A Mistral, maior startup de IA da Europa, aposta em inovação e identidade francesa para competir com gigantes americanos e chineses no setor
Há poucos motivos para comemorar o esfriamento das relações entre os Estados Unidos e a União Europeia. Mas até uma tempestade pode trazer benefícios para alguém. No mundo em rápido crescimento da inteligência artificial (IA), a Mistral, uma startup francesa, pode ser uma beneficiária da tormenta transatlântica. Fundada em 2023 por ex-pesquisadores da Meta (controladora do Facebook) e do Google DeepMind (uma divisão britânica da Alphabet), a Mistral não é uma empresa pequena. Avaliada em cerca de €5,8 bilhões (US$ 6,2 bilhões) em junho de 2024, quando levantou fundos pela última vez, ela é a startup de IA mais valiosa da Europa.
A empresa tem produzido modelos de base rapidamente, lançando 16 nos últimos 18 meses. Esses modelos variam de sistemas especializados, como Codestral, Mathstral e Pixtral, para codificação, matemática e reconhecimento de imagens, como sugerem seus nomes, até modelos de uso geral, dos quais o mais recente, o Mistral Small 3, foi lançado em janeiro.
Ao mesmo tempo, não há como confundir a empresa com um laboratório de elite. Sua avaliação é uma ordem de magnitude menor do que a de rivais americanas como OpenAI, Anthropic e xAI, esta última buscando levantar mais dinheiro em uma única rodada do que o valor total da Mistral. Seus modelos também estão firmemente na média.
O setor tem inúmeras tabelas de classificação, avaliando habilidades desde conhecimento geral até capacidade de codificação, e os modelos da Mistral apareceram no topo de pouquíssimas.
Por isso, a Mistral tentou se destacar competindo de forma mais indireta. Por exemplo, muitos de seus modelos são de código aberto: qualquer pessoa pode baixá-los e usá-los sem permissão explícita, sem custo. Outros são lançados sob a licença “de pesquisa” da empresa; usuários comerciais devem pagar por eles, enquanto hobbyistas e hackers podem experimentá-los livremente.
A empresa frequentemente lança modelos com nada mais do que um link sem palavras para um arquivo BitTorrent, com a explicação completa vindo depois. Essa abordagem chamou atenção – e gerou imitadores. Quando a chinesa DeepSeek surgiu no início deste ano, usou o mesmo manual de três partes.
Até recentemente, a Mistral parecia destinada a se tornar dano colateral na batalha entre Estados Unidos e China pela dominação da IA. Com executivos americanos argumentando que os usuários enfrentavam uma escolha entre IA “democrática” ou “autocrática” e modelos chineses oferecendo desempenho barato para os indiferentes à geopolítica, a empresa francesa foi pressionada.
Rumores de uma venda potencial circularam, mas o CEO da Mistral os descartou abruptamente em uma entrevista ao vivo em janeiro. A empresa estava caminhando para um IPO, disse ele, citando um crescimento “tremendo”. Se isso fosse verdade, céticos se perguntavam, por que ele estava passando tanto tempo circulando pelo Vale do Silício?
Mas em fevereiro as coisas começaram a mudar. A Mistral lançou o Le Chat, um assistente estilo ChatGPT pago. O serviço se destaca por sua velocidade: baseado em chips da Cerebras, uma startup americana, ele responde de forma extremamente rápida em comparação com a concorrência.
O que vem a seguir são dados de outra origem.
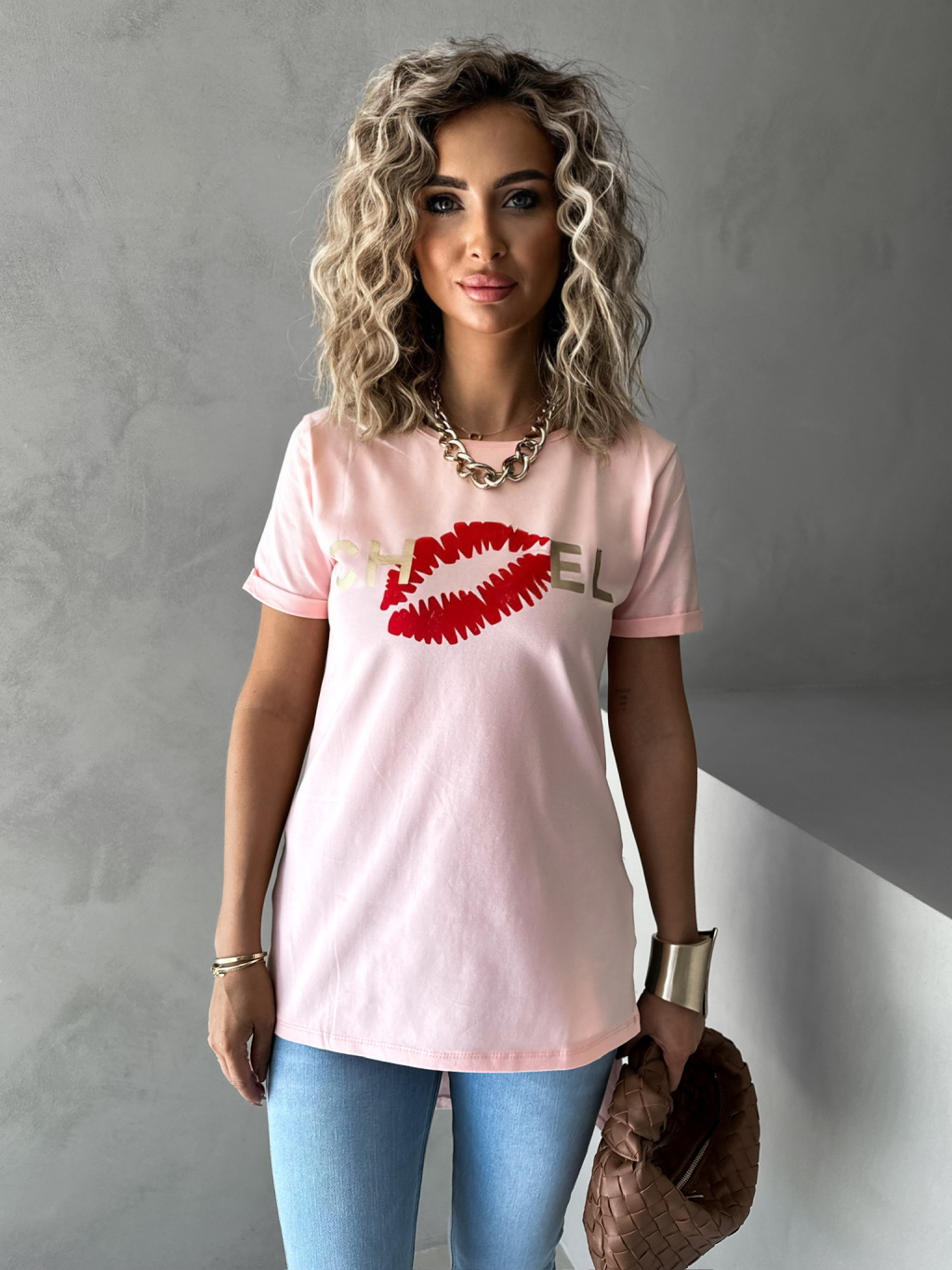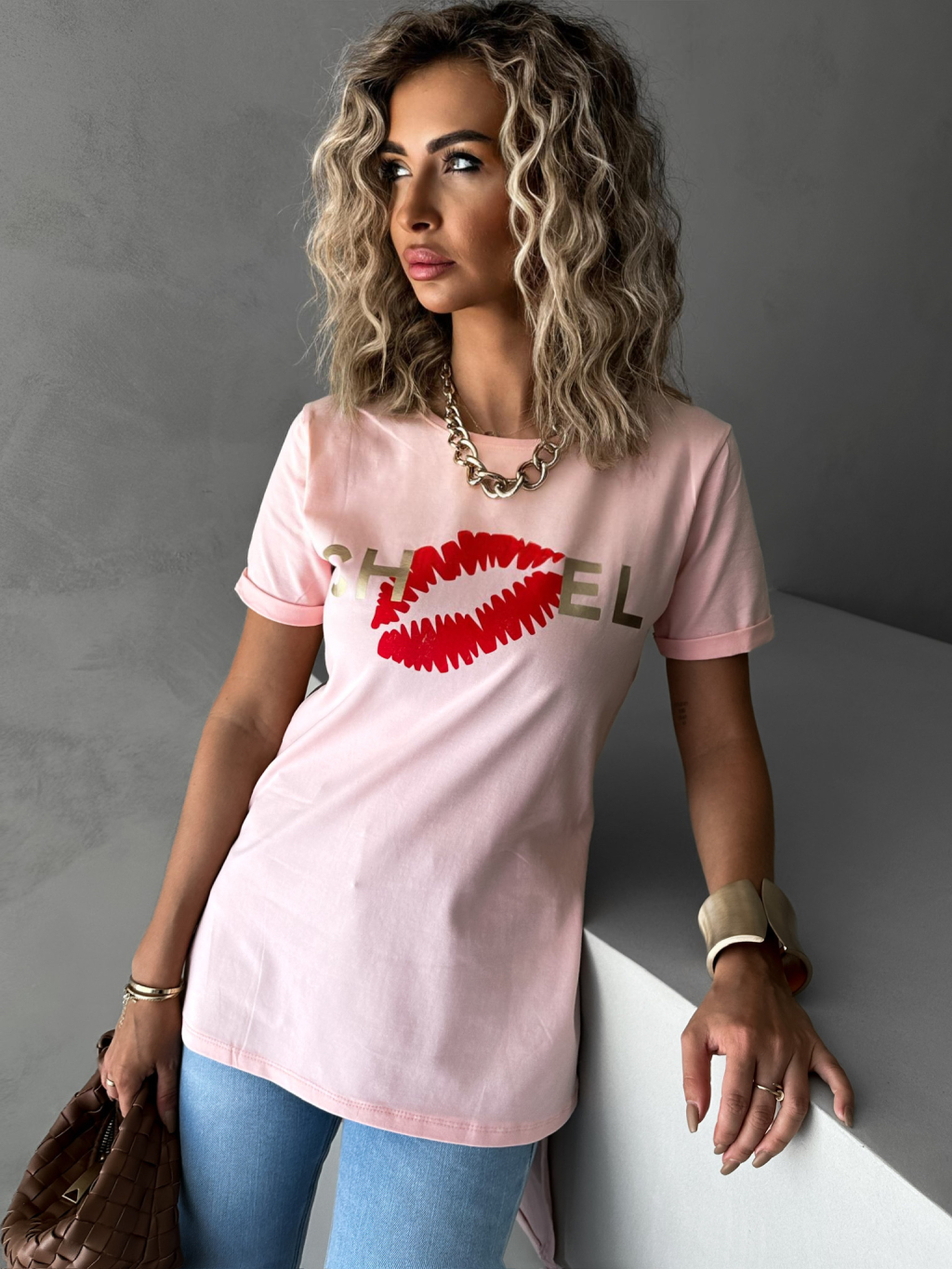 Světle růžové triko CHANELLO s potiskem

Seu aplicativo atingiu 1 milhão de downloads nos primeiros dez dias.
Ele tem outra vantagem: a geografia. “Le Chat est français”, diz uma avaliação de cinco estrelas da versão francesa do aplicativo, argumentando que vale a pena tolerar um serviço ligeiramente menos eficiente para evitar as opções americanas e chinesas. “Os americanos enlouqueceram”, declarou outra avaliação (britânica) de cinco estrelas.
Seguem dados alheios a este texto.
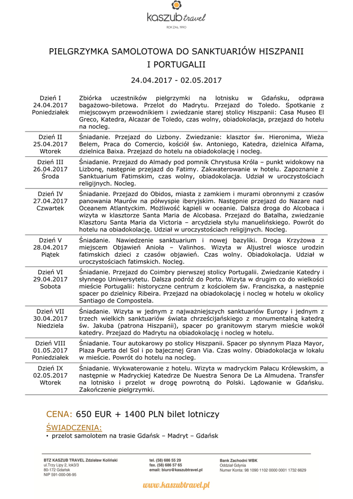 PIELGRZYMKA SAMOLOTOWA DO SANKTUARIÓW HISZPANII I PORTUGALII 24.04.2017 - 02.05.2017 Dzień I 24.04.2017 Poniedziałek Zbiórka uczestników pielgrzymki na lotnisku w Gdańsku, odprawa bagażowo-biletowa. Przelot do Madrytu. Przejazd do Toledo. Spotkanie z miejscowym przewodnikiem i zwiedzanie starej stolicy Hiszpanii: Casa Museo El Greco, Katedra, Alcazar de Toledo, czas wolny, obiadokolacja, przejazd do hotelu na nocleg. Dzień II 25.04.2017 Wtorek Śniadanie. Przejazd do Lizbony. Zwiedzanie: klasztor św. Hieronima, Wieża Belem, Praca do Comercio, kościół św. Antoniego, Katedra, dzielnica Alfama, dzielnica Baixa. Przejazd do hotelu na obiadokolację i nocleg. Dzień III 26.04.2017 Środa Śniadanie. Przejazd do Almady pod pomnik Chrystusa Króla – punkt widokowy na Lizbonę, następnie przejazd do Fatimy. Zakwaterowanie w hotelu. Zapoznanie z Sanktuarium Fatimskim, czas wolny, obiadokolacja. Udział w uroczystościach religijnych. Nocleg. Dzień IV 27.04.2017 Czwartek Śniadanie. Przejazd do Obidos, miasta z zamkiem i murami obronnymi z czasów panowania Maurów na półwyspie iberyjskim. Następnie przejazd do Nazare nad Oceanem Atlantyckim. Możliwość kąpieli w oceanie. Dalsza droga do Alcobaca i wizyta w klasztorze Santa Maria de Alcobasa. Przejazd do Batalha, zwiedzanie Klasztoru Santa Maria da Victoria – arcydzieła stylu manuelińskiego. Powrót do hotelu na obiadokolację. Udział w uroczystościach religijnych. Nocleg. Dzień V 28.04.2017 Piątek Śniadanie. Nawiedzenie sanktuarium i nowej bazyliki. Droga Krzyżowa z miejscem Objawień Anioła – Valinhos. Wizyta w Aljustrel wiosce urodzin fatimskich dzieci z czasów objawień. Czas wolny. Obiadokolacja. Udział w uroczystościach fatimskich. Nocleg. Dzień VI 29.04.2017 Sobota Śniadanie. Przejazd do Coimbry pierwszej stolicy Portugalii. Zwiedzanie Katedry i słynnego Uniwersytetu. Dalsza podróż do Porto. Wizyta w drugim co do wielkości mieście Portugalii: historyczne centrum z kościołem św. Franciszka, a następnie spacer po dzielnicy Ribeira. Przejazd na obiadokolację i nocleg w hotelu w okolicy Santiago de Compostela. Dzień VII 30.04.2017 Niedziela Śniadanie. Wizyta w jednym z najważniejszych sanktuariów Europy i jednym z trzech wielkich sanktuariów świata chrześcijańskiego z monumentalną katedrą św. Jakuba (patrona Hiszpanii), spacer po granitowym starym mieście wokół katedry. Przejazd do Madrytu na obiadokolację i nocleg w hotelu. Dzień VIII 01.05.2017 Poniedziałek Śniadanie. Tour autokarowy po stolicy Hiszpanii. Spacer po słynnym Plaza Mayor, Plaza Puerta del Sol i po bajecznej Gran Via. Czas wolny. Obiadokolacja w lokalu w mieście. Powrót do hotelu na nocleg. Dzień IX 02.05.2017 Wtorek Śniadanie. Wykwaterowanie z hotelu. Wizyta w madryckim Pałacu Królewskim, a następnie w Madryckiej Katedrze De Nuestra Senora De La Almudena. Transfer na lotnisko i przelot w drogę powrotną do Polski. Lądowanie w Gdańsku. Zakończenie pielgrzymki. CENA: 650 EUR + 1400 PLN bilet lotniczy ŚWIADCZENIA: • przelot samolotem na trasie Gdańsk – Madryt – Gdańsk • (bagaż podręczny – 1 sztuka do 8 kg o wymiarach 55 x 40 x 23 cm oraz bagaż rejestrowany – 1 sztuka do 23 kg, suma wymiarów bagażu nie może przekroczyć 158 cm (długość + szerokość + głębokość) • przejazd autokarem turystycznym zgodnie z trasą pielgrzymki • 8 noclegów w pokojach 2 osobowych z WC i łazienką • śniadania zgodnie z programem • obiadokolacje zgodnie z programem • ubezpieczenie KL, NNW i bagażu w Signal Iduna– obejmuje choroby przewlekłe • opieka pilota na całej trasie • przewodnicy miejscowi zgodnie z programem CENA NIE ZAWIERA: • biletów wstępów do zwiedzanych obiektów • indywidualnego nagłośnienia • napoi do obiadokolacji UWAGI: • każdego dnia Msza św. w miejscu uzgodnionym z opiekunem duchowym • zastrzega się możliwość zmiany kolejności zwiedzanych obiektów • organizator nie odpowiada za nieprzewidziane zmiany niezależne od niego

A lista de clientes da Mistral sugere que usuários mais conhecidos, embora menos demonstrativos, também estão abertos a um pouco de patriotismo. Ela é dominada por gigantes franceses como o banco BNP Paribas e a empresa de telecomunicações Orange.
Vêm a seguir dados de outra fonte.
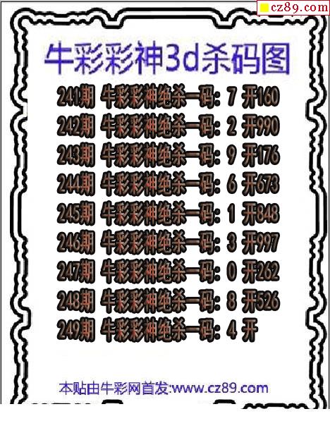 牛彩彩神殺碼2025249期3d圖謎(原創)
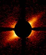 The pictures of AU Mic were obtained by blocking glare from the star with a coronagraph like that used to view the sun's outer atmosphere, or corona. The eclipsing disk on the University of Hawaii's 2.2-meter telescope blocked view of everything around the star out to about 50 AU. At this distance in our solar system, only the Kuiper Belt of asteroids and the more distant Oort cloud, the source of comets, would be visible.
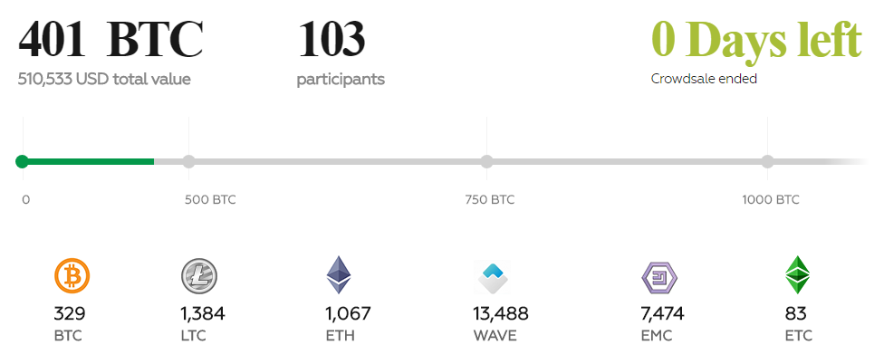 The crowdsale was announced back in March and kicked off on April 1st, raising 329 BTC, 1,384 LTC, 1,067 ETH, 13,488 WAVES, 7,474 EMC, and 83 ETC.
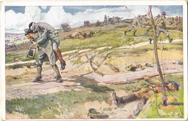 Description: Johann Salawa, Offiziersdiener des k. k. Landwehrinfanterieregimentes Nr. 16. trägt einen verwundeten Offizier im heftigsten Feuer der vordersten Linie zum Verbandplatze. Aus dem goldenen Buche der Armee Serie VI. Aus "Ehrenhalle" Heft 3. Kriegshilfsbüro Nr. 619. / WWI Austro-Hungarian K.u.K. military, injured officer, charity fund, artist signed
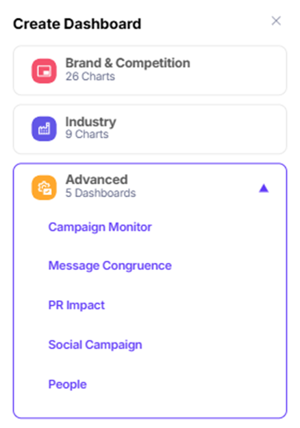 Além do monitoramento geral de mídia, o painel avançado do AlphaMetricx foi projetado para usuários com mais conhecimento que exigem análises aprofundadas. Alguns dos painéis avançados incluem Monitor de Campanha, Impacto do Autor, Sentimento por Tema, Congruência de Mensagens e Impacto de RP.
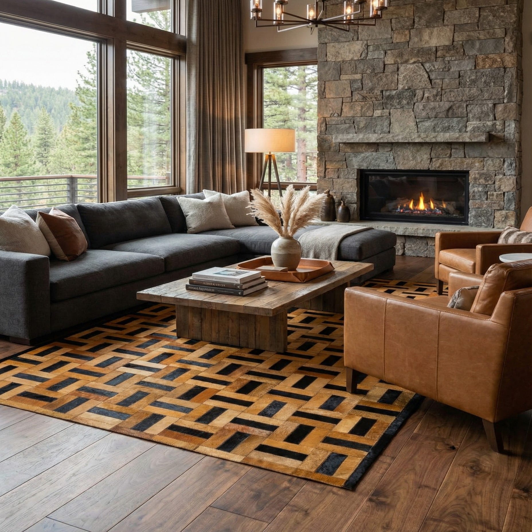 The warm palette and graphic rhythm work well in mid-century modern, rustic-contemporary, or eclectic interiors. Use it to anchor a seating area, layer it over wood floors beneath a dining table, or set it in an entryway to introduce color and texture. Pair with natural wood furniture, leather upholstery and woven textiles to emphasize the rug’s tactile, crafted character.
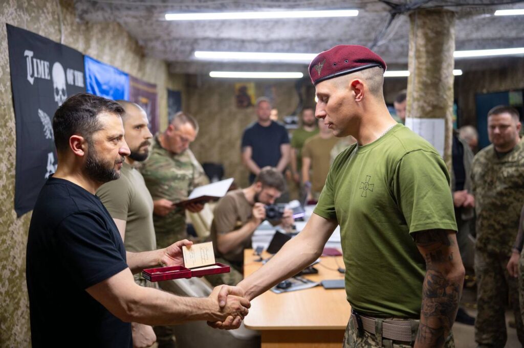 У пункті управління 2-го десантно-штурмового батальйону 80-ї окремої десантно-штурмової Галицької бригади Президент України Володимир Зеленський відзначив воїнів державними нагородами та заслухав доповіді командирів про оперативну обстановку в смузі відповідальності підрозділу.
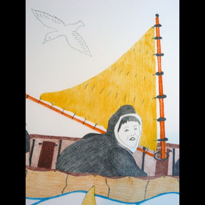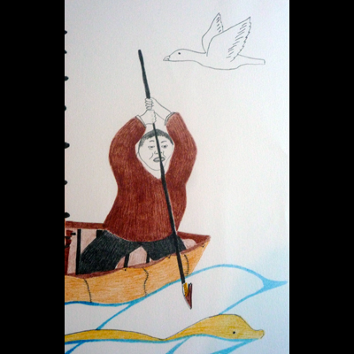 Three men went out whaling in a small sail boat when they saw whales in the distance. They did not move or make noise in the boat and sailed right up to the whales.
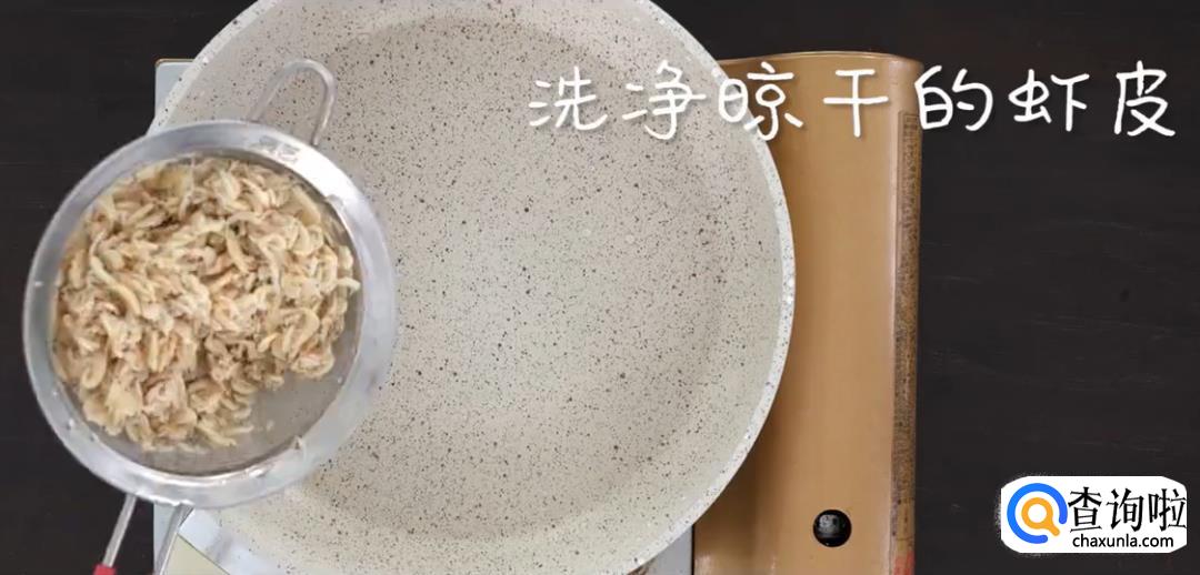 将洗净晾干的虾皮放入不粘锅中,炒干水分。

No entanto, o orgulho nacional por si só não paga as contas. A receita anual recorrente da Mistral é de apenas €30 milhões, cerca de 0,5% de sua avaliação exorbitante, de acordo com a publicação tecnológica Sifted.
Mas, à medida que o número de modelos de IA cresce e a diferença entre os melhores diminui ainda mais, um pouco de patriotismo pode ser suficiente para manter o dinheiro entrando e os modelos funcionando.